The Tylenol-Autism Controversy Just Got Its Answer
A landmark Lancet review rebuts years of alarm over acetaminophen use in pregnancy — but the politics may take longer to settle.
A Decade of Fear Over Tylenol and Autism May Finally Be Ending
For more than a decade, headlines and social media posts warned that taking Tylenol during pregnancy might raise the risk of autism or ADHD in children. The idea that a common over-the-counter pain reliever used by millions could be neurologically harmful frightened expectant mothers. A new analysis in The Lancet Obstetrics, Gynaecology, and Women’s Health appears to close the case: the drug is not the culprit.
The study, published Friday, is the most comprehensive review of the question to date — pooling results from 43 cohort studies across Europe, North America, Japan, and Australia, representing millions of pregnancies.
Randomly assigning pregnant women to take or avoid a medication that might affect fetal development would violate basic research ethics, since withholding treatment could endanger those with high fevers or severe pain, while deliberately exposing others to a suspected risk would be equally indefensible. That’s why scientists must rely on large, carefully controlled observational studies, the closest ethical approximation to experimental proof.
But the study arrives in a charged political climate. The Department of Health and Human Services — whose leaders, including Secretary Robert F. Kennedy Jr., have previously claimed a link between Tylenol and autism — is standing by its more cautious position, citing an earlier 2025 Environmental Health paper that reached the opposite conclusion.
What the Science Shows
The Lancet team took another look at decades of research on acetaminophen, or “paracetamol,” and found that earlier warnings about risk didn’t hold up under closer study. Their big improvement was using sibling-comparison studies, which let researchers compare children born to the same parents — one exposed to Tylenol in the womb and one not. Because siblings share genes and grow up in the same home, this method helps rule out other factors that could explain differences, like family background or income. When the researchers did that, the supposed links between Tylenol and autism or ADHD disappeared.
This approach helps explain why the Lancet paper came to a very different conclusion than a 2025 study in Environmental Health, which had suggested a possible connection. That earlier review included many smaller, less reliable studies where mothers were asked to remember if and how much Tylenol they had taken months or even years earlier. This opens the door to what scientists call recall bias — when parents who have a child with a health condition are more likely to overestimate or misremember the mother’s medication use during pregnancy than those whose children are healthy. The Environmental Health study also didn’t fully account for why women took Tylenol in the first place — for example, to treat fever or infection, both of which can affect a baby’s brain development on their own.
The Lancet researchers focused instead on stronger studies that used medical or pharmacy records, adjusted for maternal illness, and controlled for genetics and home environment. Once those differences were taken into account, the apparent risk vanished.
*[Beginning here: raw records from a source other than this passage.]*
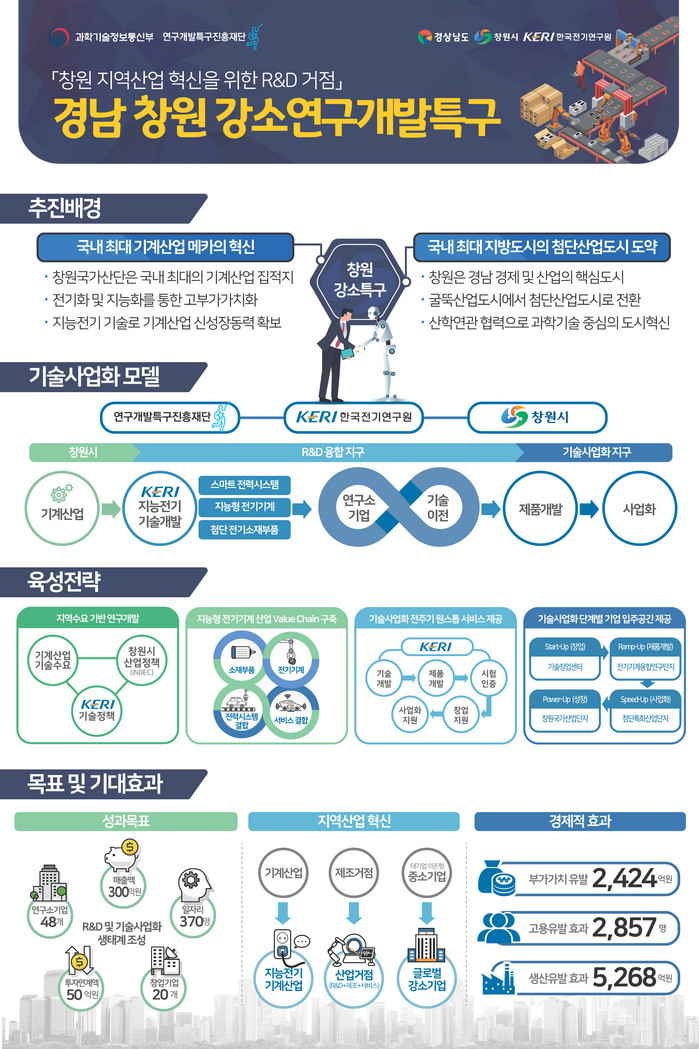 따라서 한국전기연구원과 함께 “성주동에 위치한 KERI 0.2㎢와 창원국가산업단지확장구역 0.43㎢의 배후공간을 ‘지능전기 기반 기계융합 특구’로 조성하고, 전담조직 배치와 지역 내 산학연과 협력체계를 구축해 전략적으로 강소특구를 육성할 계획”이라고 강조했다.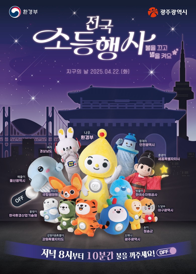 22일 밤 8시부터 10분간은 전국 동시 ‘소등 행사’가 실시된다. 광주시에서는 시청‧구청 등 공공기관, 아파트 단지 100여 곳이 참여한다.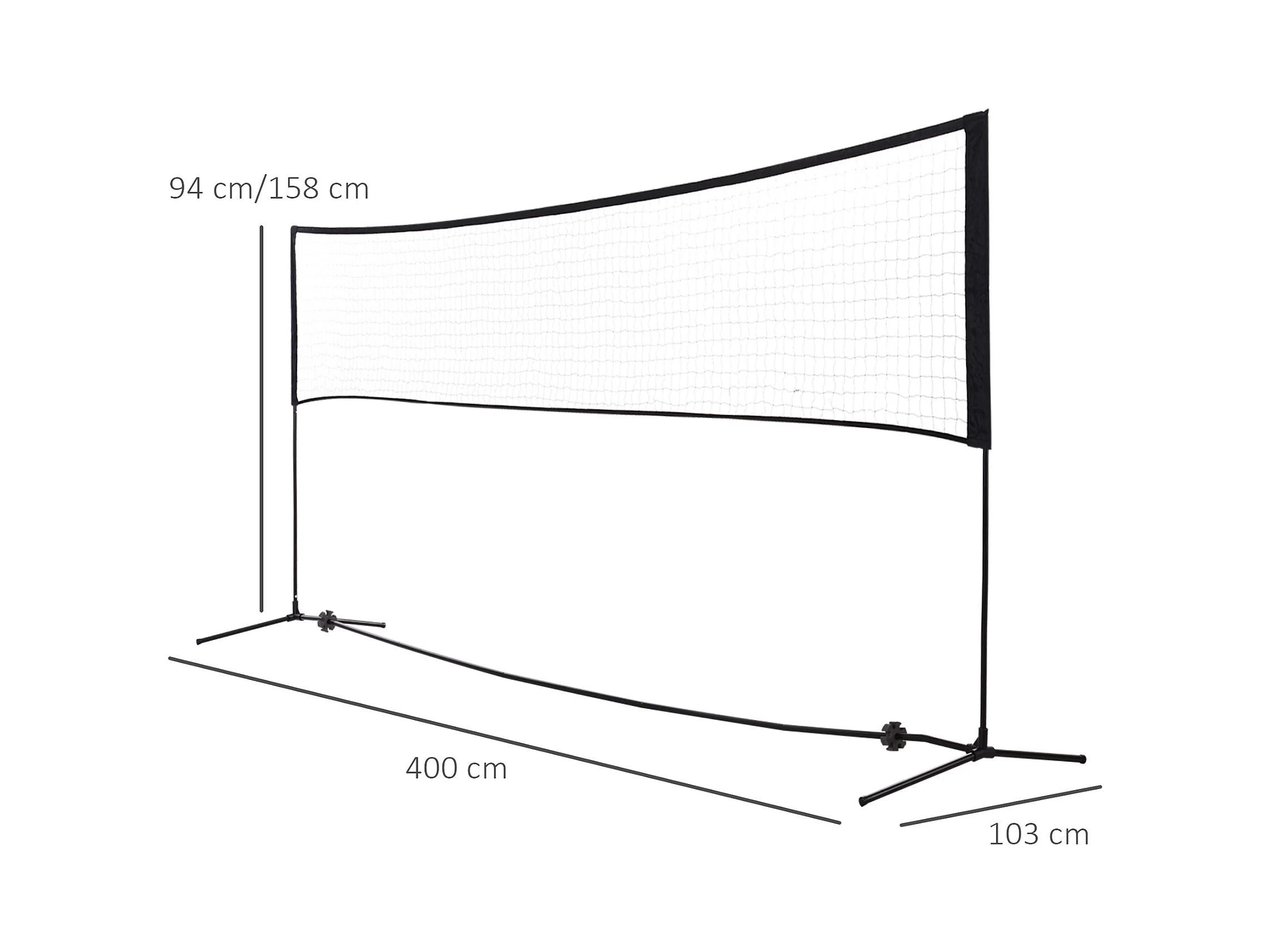 Filet de badminton réglable et portable, en métal et polyester, avec hauteur ajustable, idéal pour tennis et volley-ball (400x103x94-158 cm)

That finding matches long-standing advice from the American College of Obstetricians and Gynecologists, the Royal College of Obstetricians and Gynaecologists, and the European Medicines Agency, all of which recommend acetaminophen as the safest first choice for fever or pain during pregnancy.
The Counterpoint
Not everyone agrees with the Lancet findings. Officials at the Department of Health and Human Services (HHS) say they are not changing their position. “[M]any experts have expressed concern of the use of acetaminophen during pregnancy, including Dr. Andrea Baccarelli,” said agency spokesperson Andrew Nixon in a statement. Dr. Baccarelli is the Dean of the Harvard School of Public Health and an author on the Environmental Health study..
Dr. Jay Bhattacharya, the Director of the National Institutes of Health, criticized the Lancet study for using sibling controls, writing on X that while sibling studies can control for shared genes and family environment, they also have weaknesses. They only include families with multiple children who had different exposures, which can limit sample size and introduce new forms of bias. “Families with discordant siblings aren’t random,” Bhattacharya wrote. “They may differ in ways that matter for the outcome. Sibling studies can ‘wash out’ real effects, making a true link look like nothing.” Bhattacharya did not address the other methodological differences between the two studies, including, importantly, whether they controlled for why a woman took Tylenol during pregnancy.
What Pregnant Women Should Know
For now, medical guidance remains unchanged: acetaminophen is safe when used as directed, including during pregnancy. Alternatives such as ibuprofen and aspirin carry well-documented pregnancy risks, including kidney damage and fetal heart complications. Leaving pain or high fever untreated can itself endanger both mother and baby.
Mothers wanting to reduce the risk of neurodevelopmental disorders in their baby should do what they can to prevent infections during pregnancy. This includes receiving all recommended vaccinations: Tdap, influenza, COVID, and RSV. Infections and fevers during pregnancy are known to increase the risk of neurodevelopmental disorders in the fetus.